Letter Re: Australian Bank Move Exposes the Magnitude of the Global Credit Collapse

James,
This afternoon, The National Australia Bank (biggest in Australia, by assets) let the cat out of the bag: They have decided to just fess up and mark down every US mortgage CDO, SIV, and so forth in their portfolio by 90%.

What that means is they are coming flat out and saying that all this re-bundled, repackaged, looks like a bond but it ain’t, US real estate paper that was being carried “Off Balance Sheet” and gumming up the works in banks around the world is worthless and they are making it official. (The loans that they represent will not, in their estimation, ever be repaid, hence, loan paper = worthless.)

The world has been tip-toeing around this for the better part of a year. (Off Balance Sheet is bank speak I believe for “It’s here, we paid for it/lent it out, but it’s not really here so don’t count it on our financial statement.” You try that with your friendly IRS guy! Ha! Funny, though, how they magically appeared when the Fed said they would take it as collateral for loans…) That means that all these “Write-downs” we’ve been seeing (i.e; saying that the paper certificate you bought at $10 is now worth $8, $7, $6, $5…etc) the banks have been slowly dribbling out have been understated.

I don’t know if Wall Street will simply ignore this and dish out spin, but I can bet you that the international banks holding large quantities of this stuff denominated in US dollars will not. I’d also bet that large entities overseas who don’t hold this stuff will take it as writing on the wall for other entities that do…and they’ll sell to save their own skins.

That could quite possibly touch off a selling-storm in US dollar denominated assets or firms they fell are at risk from either their own holdings or their vulnerability to downside economic risk come monday, at least in the Asia Pacific markets, if not before.

A wave of bank bankruptcies or “failed banks” could get thrown into the mix as well. This is because these paper “things” being declared more or less worthless effects the overall value of a bank–i.e. the ratio of it’s “Assets” against the amount of debt it is carrying. (leverage) Banks are already leveraged up to their eyeballs, way beyond what Joe citizen would be allowed to do. (which they’ve been trying to delay the inevitable news that this stuff is not an asset any longer.)

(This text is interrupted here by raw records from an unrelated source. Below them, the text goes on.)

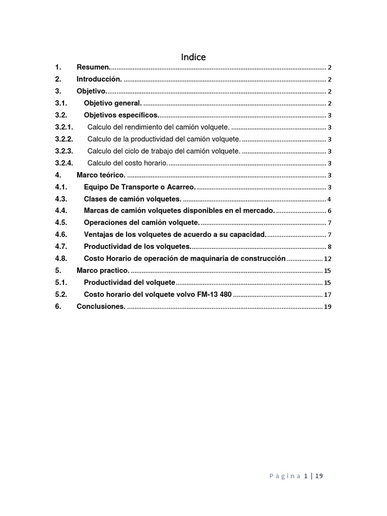 5.1. Productividad del volquete .................................................................................. 15
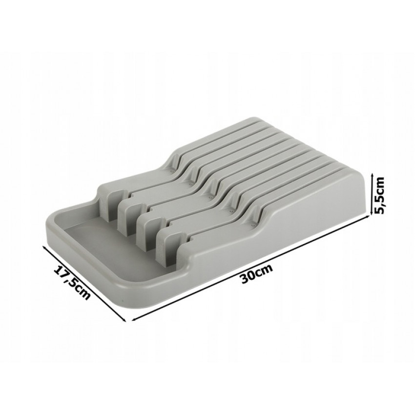 Organizér je navržen tak, aby šetřil místo a zároveň umožňoval jednoduchý přístup ke všem nožům. Díky svým kompaktním rozměrům se lehce vejde do zásuvky nebo na pracovní desku. Je přizpůsoben na uložení nožů s maximální délkou od 21,5 cm do 30 cm, což z něj dělá ideální volbu pro různé druhy nožů – od kuchařských až po menší univerzální nože.
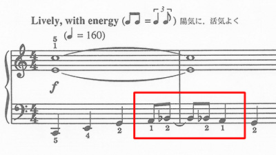 右手の小節またぎのスラーに気を取られて、左手のズンチャッチャのリズムが崩れがちなのです。
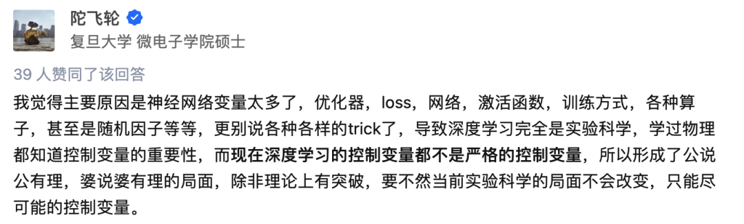 对于网上这些争论,@陀飞轮表示,主要是「深度学习的控制变量都不是严格的控制变量」这个问题所造成的。
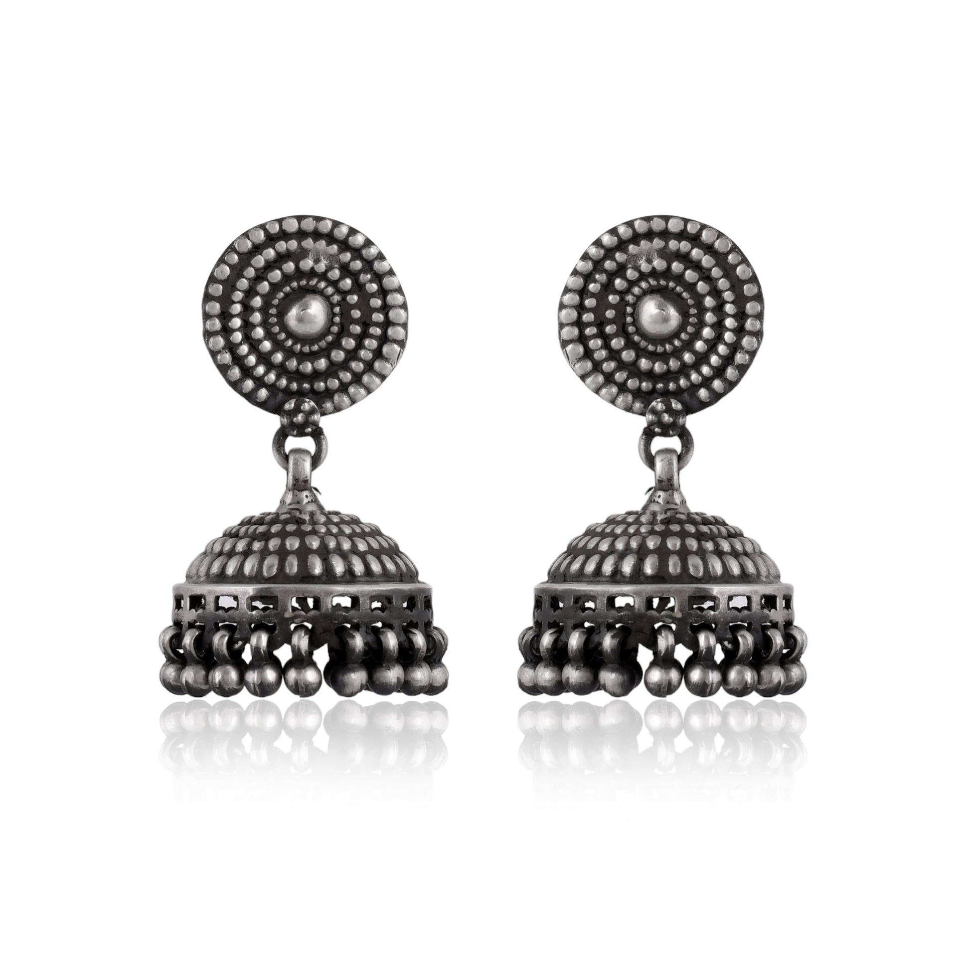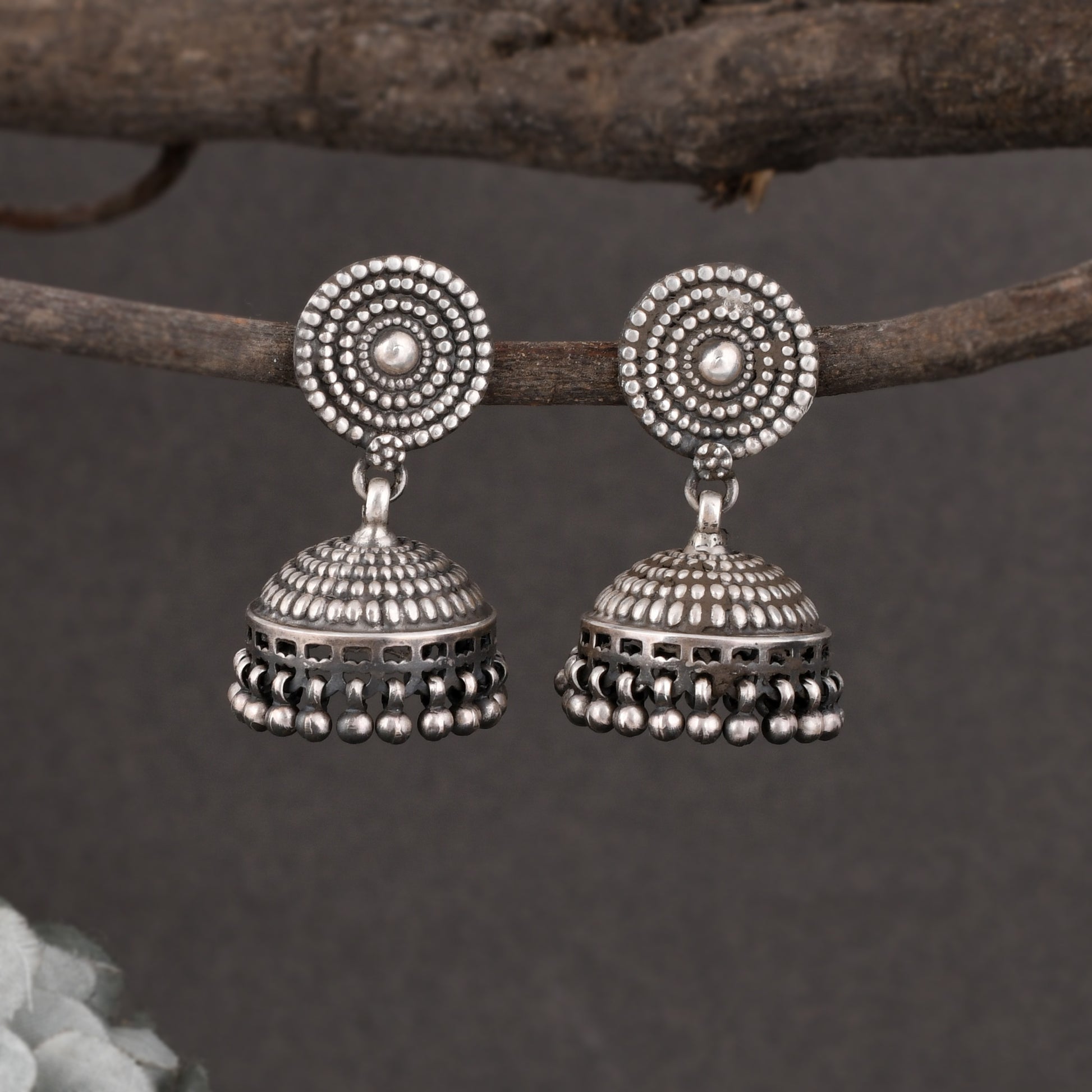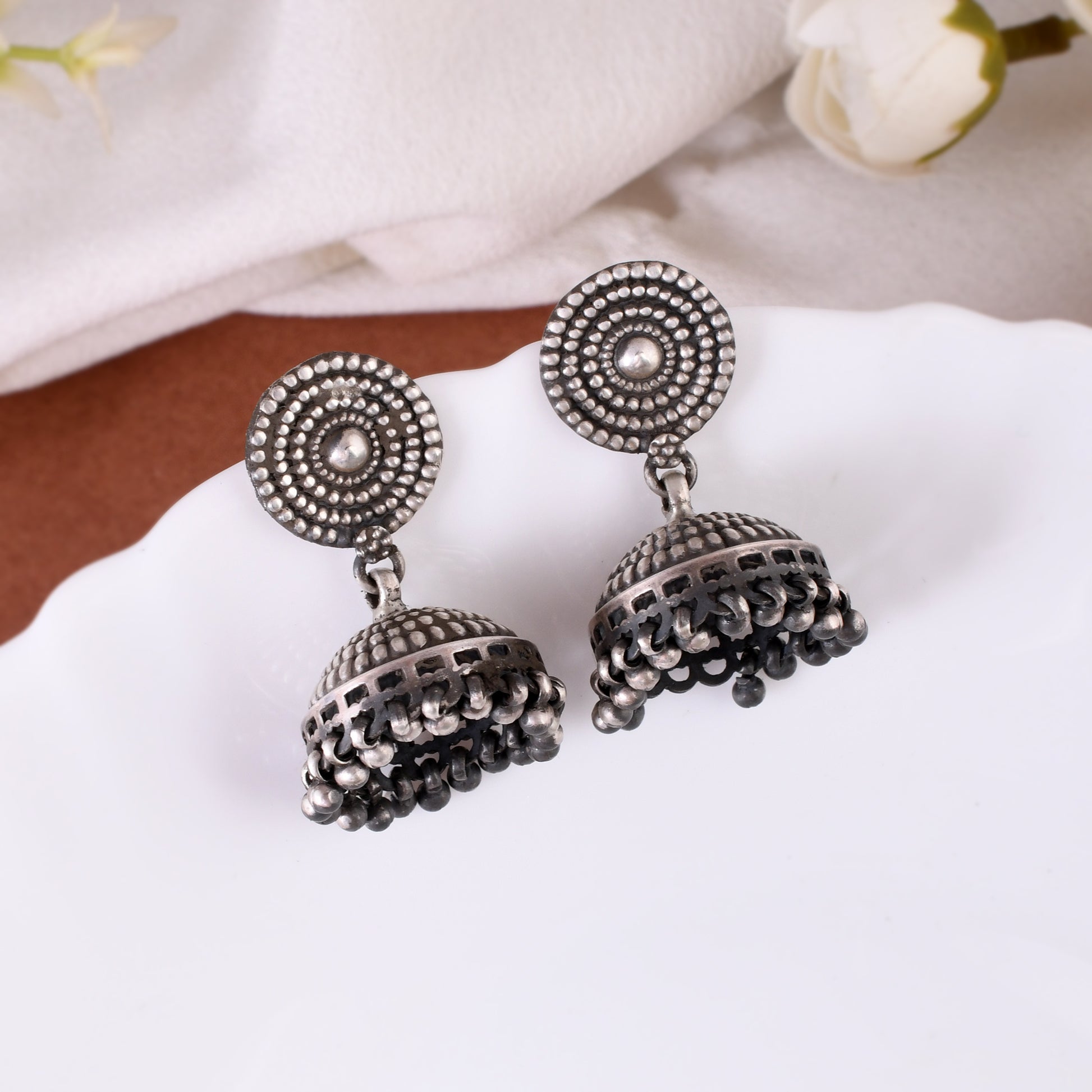 Celebrate curves and culture with Silver Jalebi Jhumka Earrings by Antique Silver Strike. Crafted from pure 925 sterling silver, these handcrafted earrings combine swirling spiral patterns with a traditional jhumka drop, echoing the festive charm of jalebis. The oxidized polish adds a vintage edge, making them ideal for those who love statement silver jewelry with a playful twist.
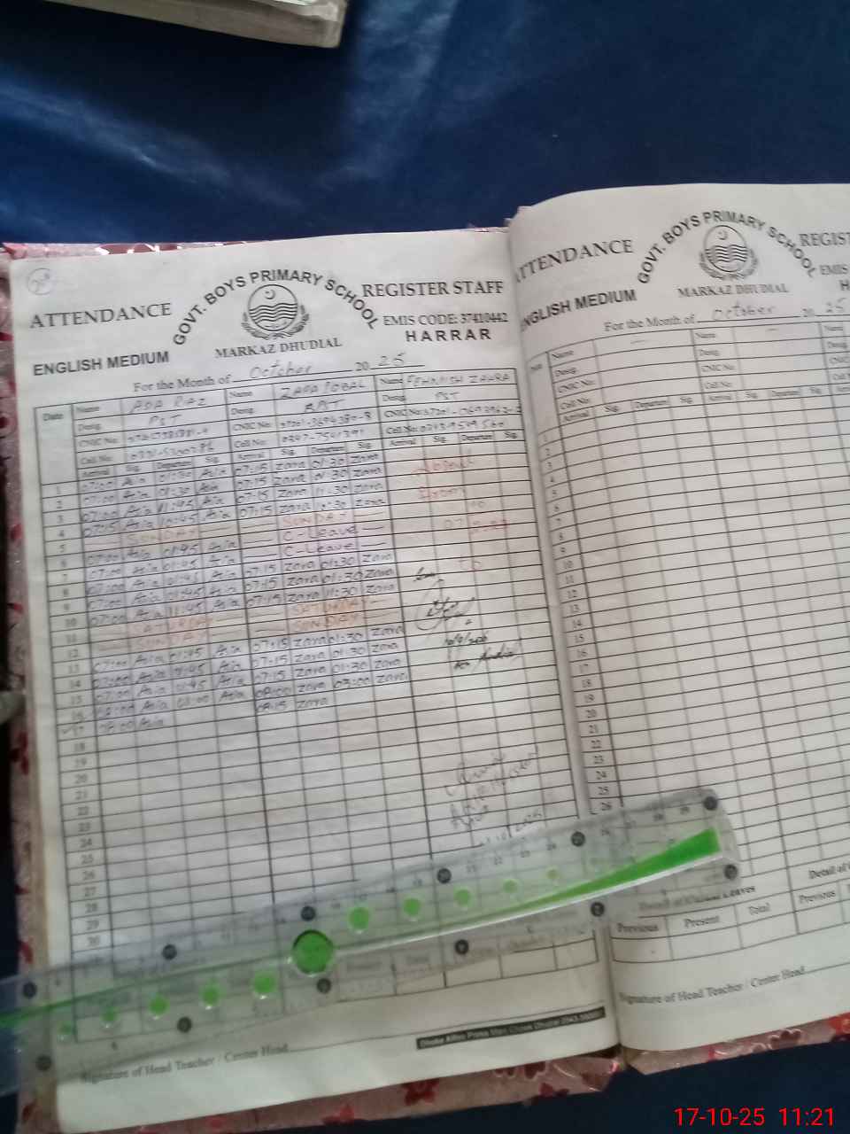 | 37**** | Fe**** Za**** | 1 | 1 | 0 | 0 | 0 | 0 | 0 | 0 | 0 | 0 | 0 | Absent (Un-Authorized) |
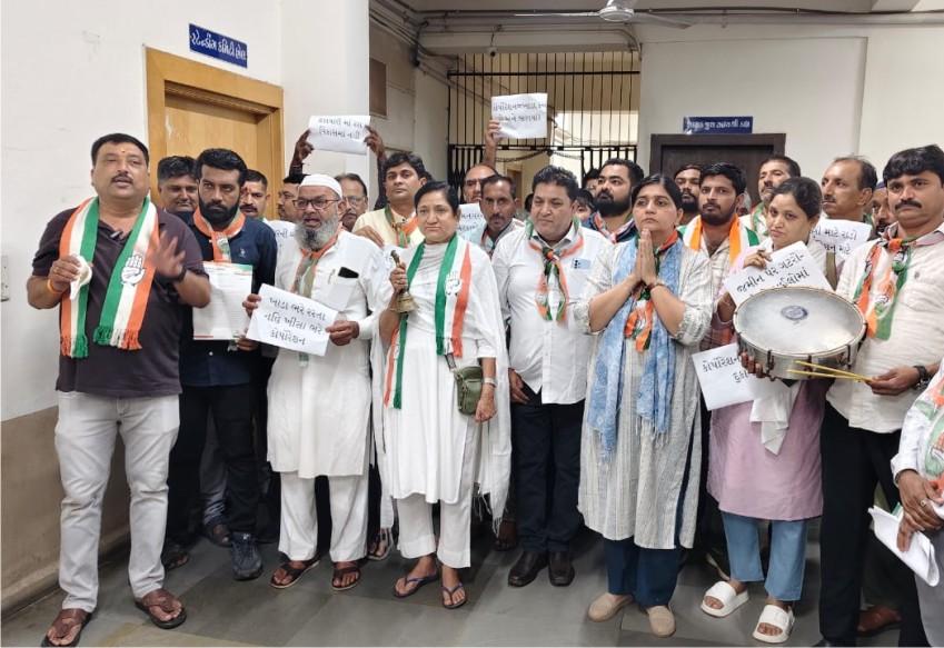ચેમ્બર બંધ હોય, બારણામાં આવેદનપત્ર ચિપકાવ્યું: શાસકોની ઊંઘ ઊડાડવા પ્રયાસઃ પ્રજાના પ્રશ્ને મોઢું છૂપાવવાનો આક્ષેપ
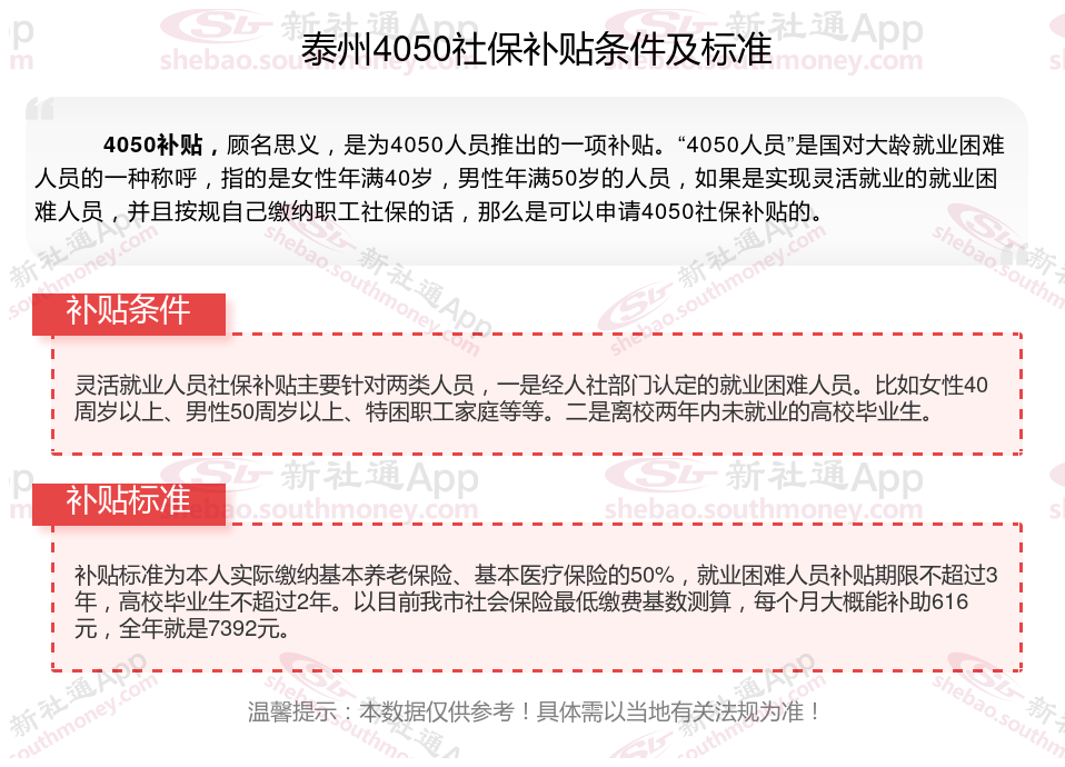 一、2023-2024年泰州4050社保补贴标准及条件,最新如下
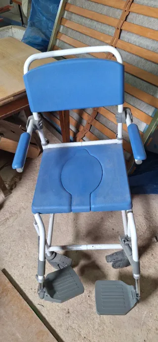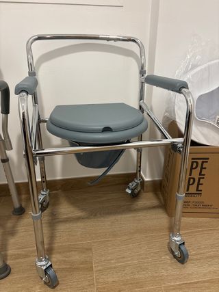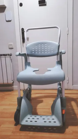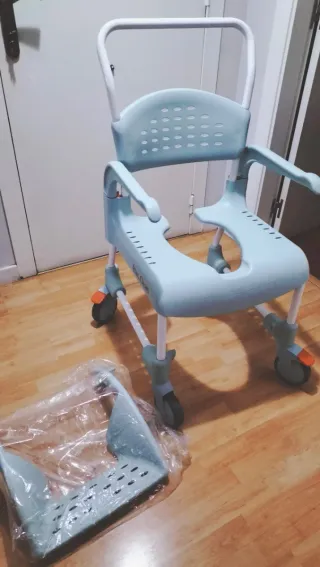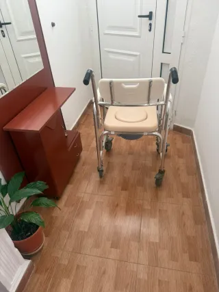Silla de ducha y WC con estructura metálica y asiento de plástico. Los pies son abatibles para mayor comodidad. - Asiento y respaldo acolchados. - Reposabrazos. - Ruedas para facilitar el desplazamiento. La compré en diciembre por un accidente que tuve. Está como nueva. Se entrega limpia y desinfectada. Silla de Ruedas ideal para uso en hospitales, centros de salud, geriátricos, hogares ya que es un producto indicado para personas ancianas, con incontinencia o movilidad reducida dado que facilita el aseo y la higiene diaria.
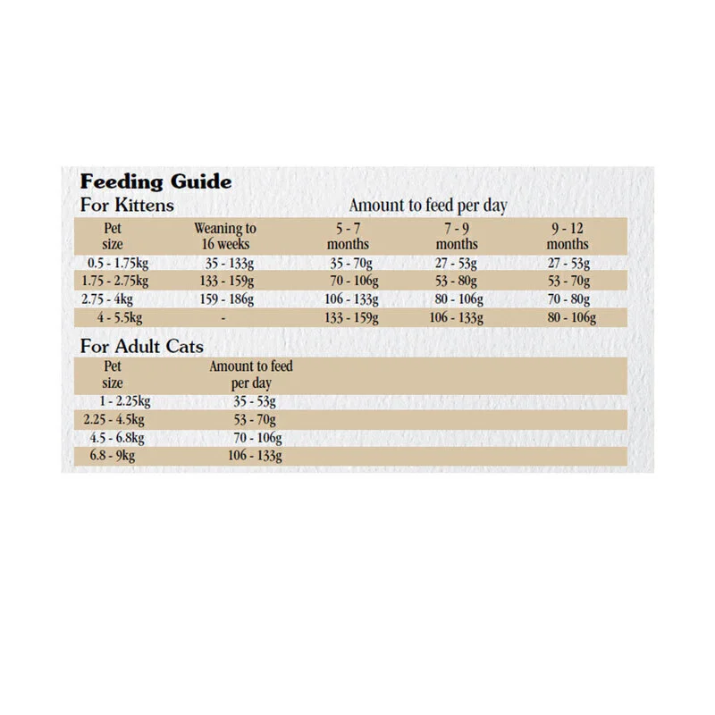 • گربه‌های بالغ: روزانه بین ۶۰ تا ۸۰ گرم بسته به وزن و فعالیت توصیه می‌شود.
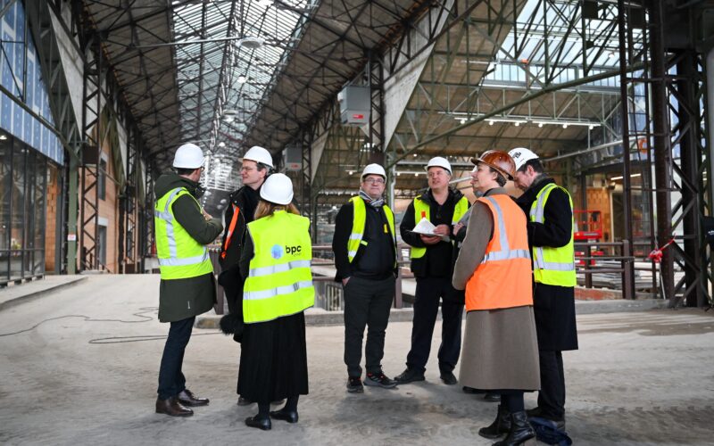 The construction site during a tour and press conference to present the opening programme for the future KANAL-Centre Pompidou modern and contemporary art museum in Brussels, on Wednesday. Photo: Elias Rom/AFP
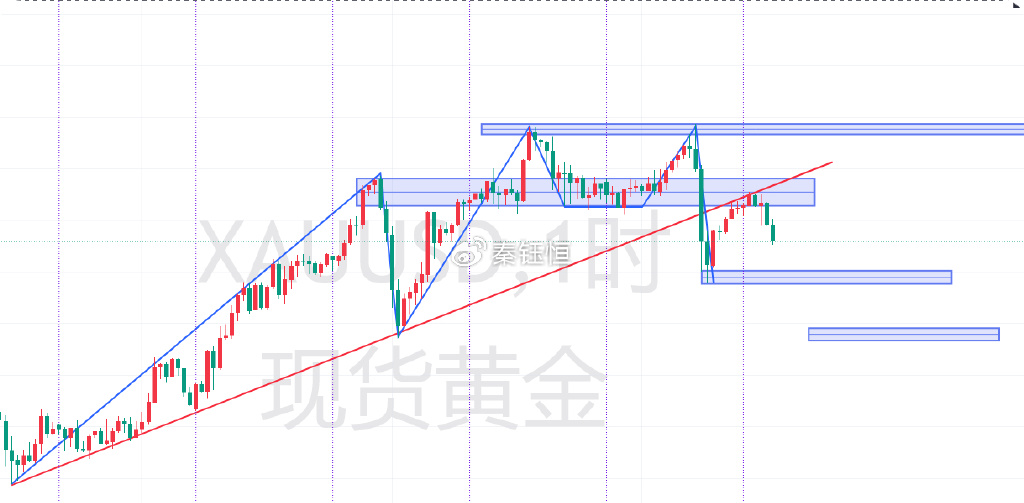 经过连续两次跳水洗盘,市场多头动能明显减弱。昨日冲高仅形成刺破便迅速回落,四小时级别更形成M头下破形态,短期上升快速趋势线已被跌破。今日早盘我在微博已提示:当前市场需要构筑底部结构才能重启升势,日内承压明显,多头需谨慎规避风险,未确认企稳前不宜轻易进场。

I do not know precisely what effect this will have, but I believe it could spark a sell off in US denominated securities and other assets, which will flood the market with US Dollar stuff and the dollar will be in very deep trouble as far as a piece of paper that has value.

Real things of value, like metal and other tangible goods (as opposed to imaginary IOU paper, which is what most securities are) will take on a whole new life. In addition to what I have already done, I am going to endeavor to get my hands on more, soonest. (Not like it will go down in price anyway, no matter what happens.)